Том, шокированный происходящим, даже прекратил проливать слезы от переживаемой обиды. Мама была не в порядке, совсем как вчера вечером, когда они с папой вернулись домой. Пусть теперь она хотя бы говорила с ним, невнятно извиняясь и сожалея о содеянном, это ничего не меняло. Том в ужасе отполз от матери в самый угол кровати, не выпуская из рук игрушку. От страха дрожало его маленькое сердечко, и он постарался дышать как можно глубже. Хоть бы папочка пришел и все закончилось, мысленно просил Томми, смотря на рыдающую мать. Вчера вся прошлая счастливая жизнь словно бы рухнула, и сегодня не стало нисколько лучше.

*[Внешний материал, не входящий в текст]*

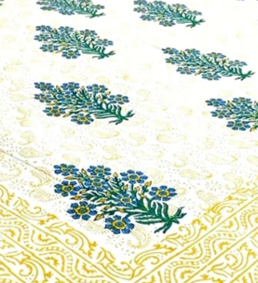 King Size Block Print Bed Linen with 2 pillow covers - yellow and blue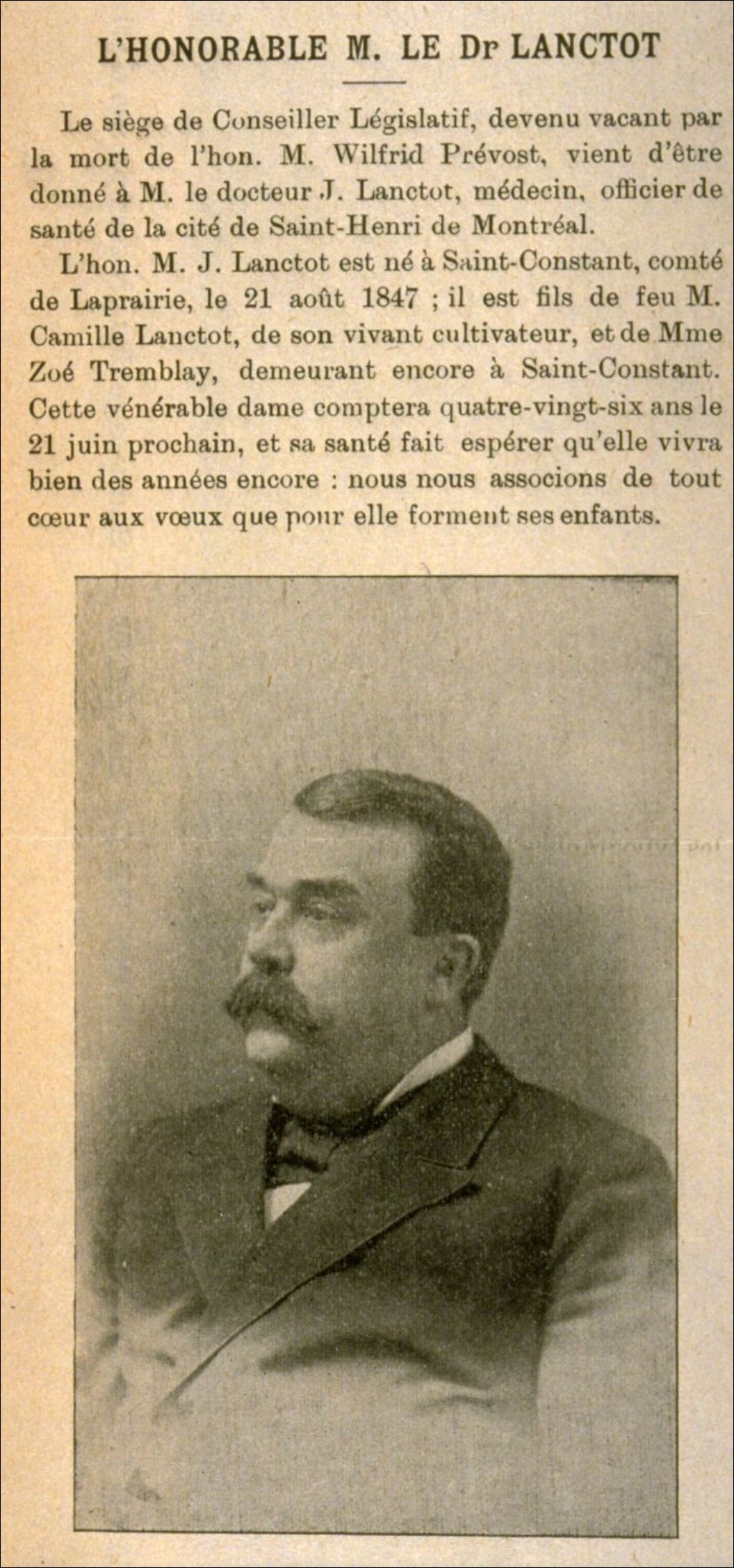 L'honorable M. le Dr Lanctot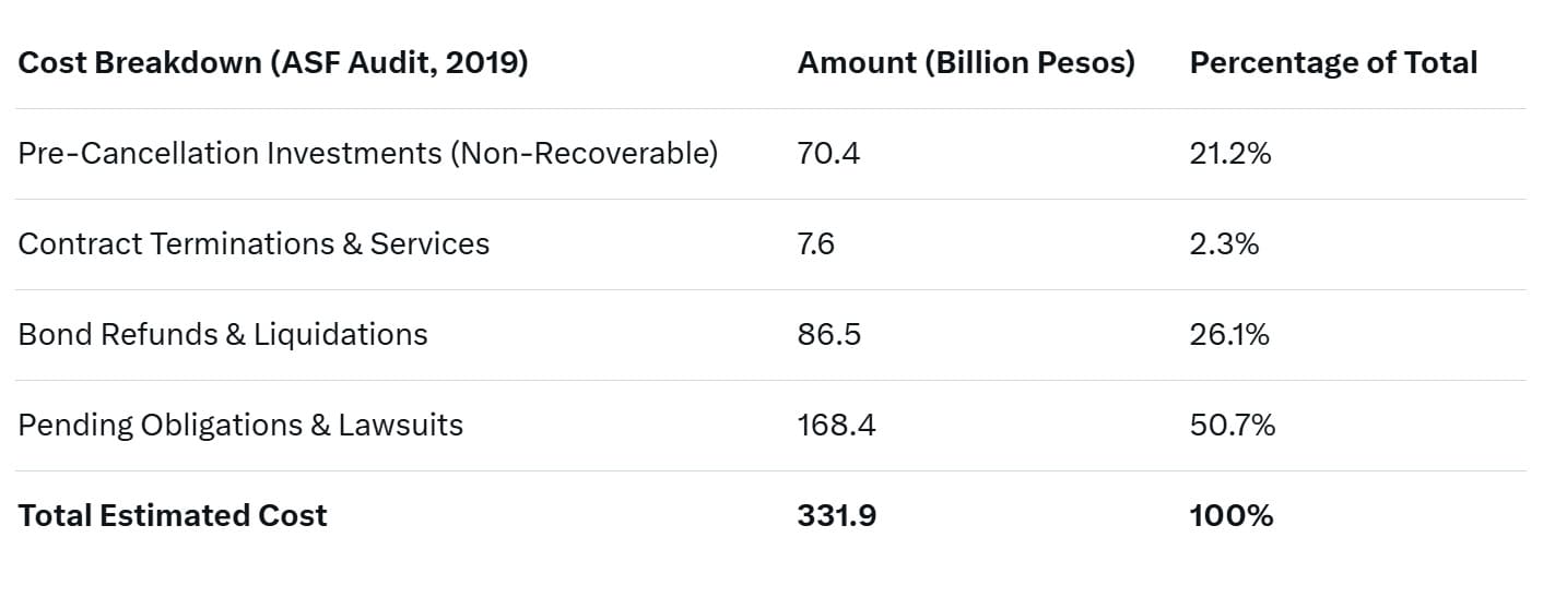The true price tag emerged slowly, like a hangover after a lavish fiesta. An initial government projection pegged cancellation at 100 billion pesos, touting savings by pivoting to the cheaper Felipe Ángeles International Airport (AIFA) in Santa Lucía. But a 2019 audit by Mexico's Superior Audit Office (ASF) shattered that illusion.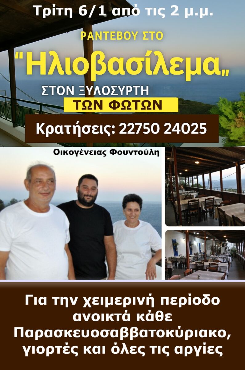 Των Φώτων, Ραντεβού στο Ηλιοβασίλεμα! Από τις 2 το μεσημέρι, με διαλεκτά πιάτα της ώρας, εκλεκτους μεζέδες, ικαριώτικο – καλό κρασί και την ζεστή φιλοξενία της οικογένειας Φουντούλη!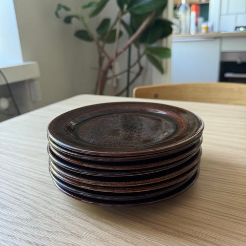 Kotimaisen Kermansaven ja Englantilaisen Cinnamonin keittolautaset / syvät lautaset. Halkaisija n. 20 cm. Yhteensä 16 €.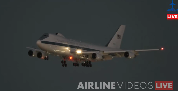 当地时间1月8日,被称为“末日飞机”的波音E-4B军机被拍到降落在洛杉矶国际机场。图源:美媒视频截图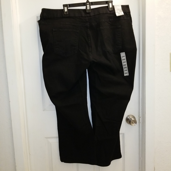 Lee black cotton/poly/spandex denim-like fabric, platinum label, midrise, barely bootcut, pull-on styling (no fly), NWT, this is a PETITE length.

— Я боюсь… — заскулил Том, вновь потирая покрасневшие глаза. Он стер с щеки скользящую слезу, посмотрел на маму, стараясь понять, отреагировала ли она хоть как-то на эти слова. — Мама, перестань, я боюсь…
— Я не должна была… Это случайность. Я не бросила тебя… Я не хотела… Ох, мне нужно поговорить с Мартином, как можно скорее. Он мне поможет. Я сожалею, Том, я все исправлю… Пожалуйста, поешь.
Сразу после этих слов она отвернулась и ушла, не обращая внимание на его зов. Том еще сильнее расстроился, и плакал до тех пор, пока папа не вернулся. Сердечко по-прежнему болело, чем ужасно пугало малыша, кисти слегка посинели и стали словно ватными, будто в них накачали воздух. Ступни были спрятаны в сиреневые носочки, и поэтому Том не разглядывал их, но ощущал, как и они онемели. Он надрывисто закашлялся, и именно тогда папочка подошел к нему и укрыл в объятиях его хрупкое тельце, настороженно посмотрев в лицо. У папы даже получилось заговорить ласковым голосом. Только это, должно быть, и могло его утешить.
Папа заставил Тома проглотить несколько ложек каши и выхлебать из кружки молоко, принесенное им лично, когда малыш кое-как устроился за собственным столиком для рисования. Кашель разрывал легкие безжалостно, доводя до слез вновь и вновь, и оттого особого сопротивления в лечении Томми не оказывал после завтрака. Даже когда папа велел мерить температуру и ушел, он послушно лежал на кровати, укутавшись в одеяло и пустым взглядом смотрел в потолок. Хотелось спать, но глаза не закрывались. Сразу же перед ними возникал облик мамы.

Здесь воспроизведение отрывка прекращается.